Emmadonata Carbone, Donata Mussolino and Riccardo Viganò
This study investigates the relationship between board gender diversity (BGD) and the time to Initial Public Offering (IPO), which stands as an entrepreneurially risky choice…
Abstract
Purpose
This study investigates the relationship between board gender diversity (BGD) and the time to Initial Public Offering (IPO), which stands as an entrepreneurially risky choice, particularly challenging in family firms. We also investigate the moderating role of family ownership dispersion (FOD).

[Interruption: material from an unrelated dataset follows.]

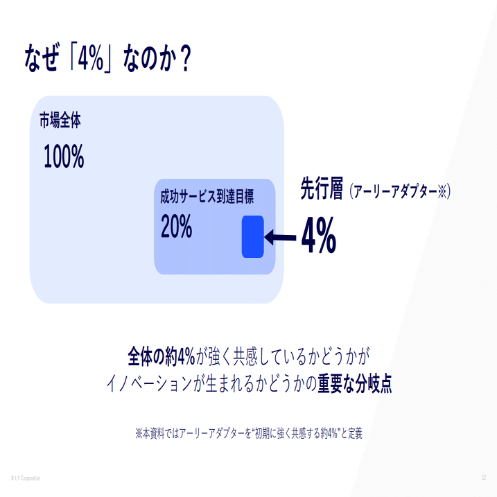 多くのヒットサービスでも、市場の約20%に届けば成功と考えられており、さらにイノベーター理論によると、特に熱量が高い先行層はその約20%、つまり市場全体の約4%だと私たちは考えます。

Design/methodology/approach
We draw on an integrated theoretical framework bringing together the upper echelons theory and the socio-emotional wealth (SEW) perspective and on hand-collected data on a sample of Italian family IPOs that occurred in the period 2000–2020. We employ ordinary least squares (OLS) regression and alternative model estimations to test our hypotheses.
Findings
BGD positively affects the time to IPO, thus, it increases the time required to go public. FOD negatively moderates this relationship. Our findings remain robust with different measures for BGD, FOD, and family business definition as well as with different econometric models.
Originality/value
The article develops literature on family firms and IPO and it enriches the academic debate about gender and IPOs in family firms. It adds to studies addressing the determinants of the time to IPO by incorporating gender diversity and the FOD into the discussion. Finally, it contributes to research on women and outcomes in family firms.